A full RCU grace period happens between a pair of "|"s on the same line.
By inspection, if your snapshot of ->gpnum is greater than the current
value of ->completed, a grace period has passed.

> I thought the double grace period thing was for preemptible rcu; is it
> done here because you don't want to special case the preemptible rcu and
> make do with a single implementation?

No, we are waiting for only one grace period.  We -would- need a double
grace period if we were using the ->gpnum and ->completed values from the
rcu_node structures because these values can each be one unit out of sync
with the global values.  And we might someday need to take this step,
for example if large machines and heavy use of these primitives someday
results in excessive memory contention on the ->gpnum and ->completed
values in the global rcu_state structure.  And then the ASCII diagram
is as follows:

3:	                                                  +-+--gpnum----+--+...
	                                                  | ^           |  ^
2:	                            +-+--gpnum----+-------+-+completed--+>>+
	                            | ^           |  ^
1:	      +-+--gpnum----+--+----+-+completed--+>>+
	      | ^           |  ^
0:	+-----+-+completed--+>>+

Here the "^"s represent the later transitions of the ->gpnum and ->completed
values in the rcu_node structures.  But we still have to wait for the
interval between a pair of "|" characters: The interval between a pair
of "^" characters does -not- suffice, because there might not be a full
set of quiescent states between the "^"s!  So we have to wait for two, so
that the conditional would become:

	if (ULONG_CMP_GE(oldstate + 1, newstate))

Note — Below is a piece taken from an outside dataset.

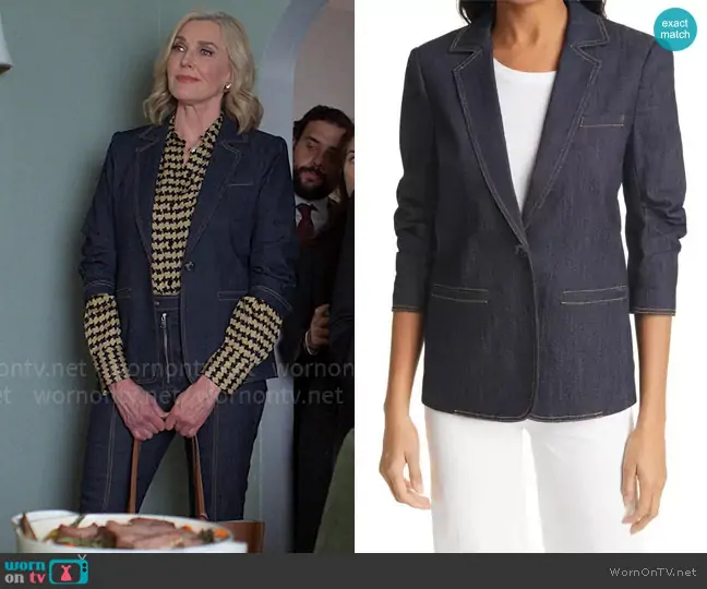 Nadine Gregory (played by Brenda Strong) on UnPrisoned on Hulu was spotted wearing this denim suit and houndstooth blouse on UnPrisoned on episode 'The After-Party' (2x08) in Jul 2024. Nadine's Top is the Houndstooth cady shirt by Victoria Beckham . Nadine's Jacket is the Khloe Denim Blazer in Indigo by Cinq a Sept . Nadine's Pants is the Loren Denim Pants by Cinq a Sept.
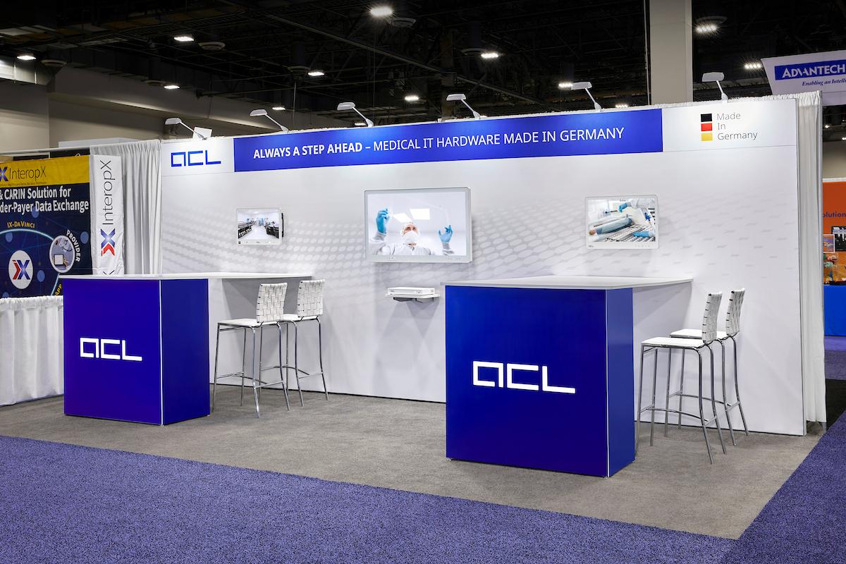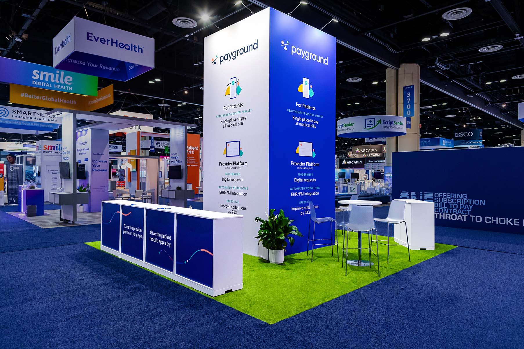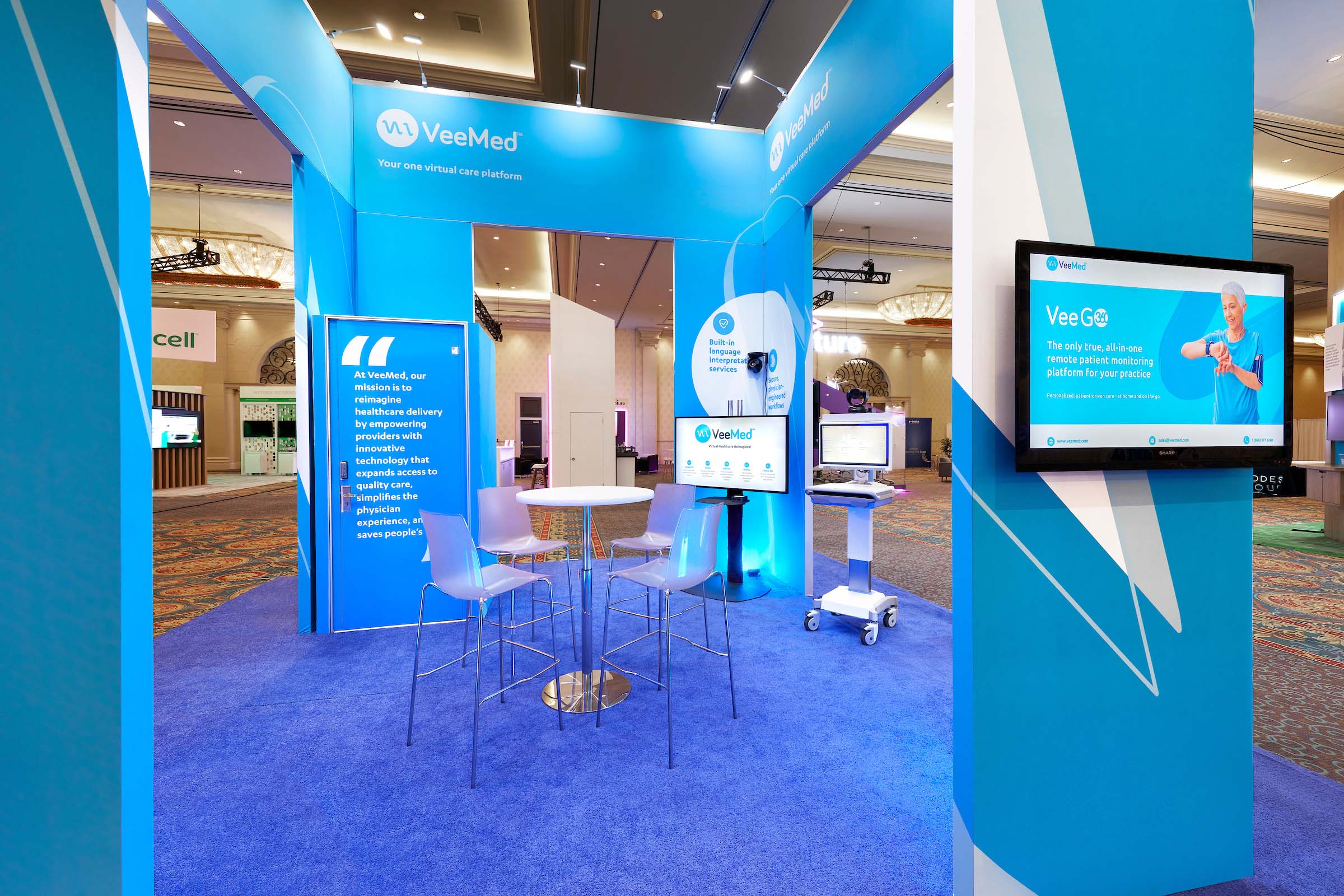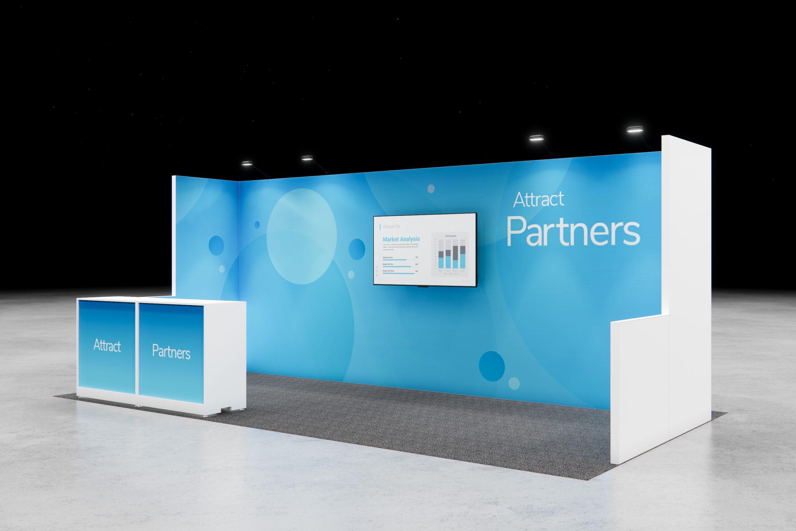 • Deliver your message with clarity and flair. This booth features a digital display and audience-focused layout to help your brand stand out.

Referring to the second ASCII diagram above, if oldstate is zero, we might
have missed the beginning of the first grace period.  We must therefore
wait until the end of the second grace period, at which point newstate
will be 2.  Which works out, as 1+1>=2.

> And I suppose that on wrap around; we do extra sync_rcu() calls, which
> can never be wrong.

Yep!  Ah, I suppose I should comment that, shouldn't I?  How about the
following in the header comment?

 * Yes, this function does not take counter wrap into account.  But
 * counter wrap is harmless.  If the counter wraps, you have waited
 * at least 4 billion grace periods already (more on a 64-bit system!),
 * so waiting for one extra grace period should not be a problem.

> > +		synchronize_rcu();
> > +}
> > +EXPORT_SYMBOL_GPL(cond_synchronize_rcu);

Ugh.  And I also forgot rcutiny.  It is pretty straightforward.  ;-)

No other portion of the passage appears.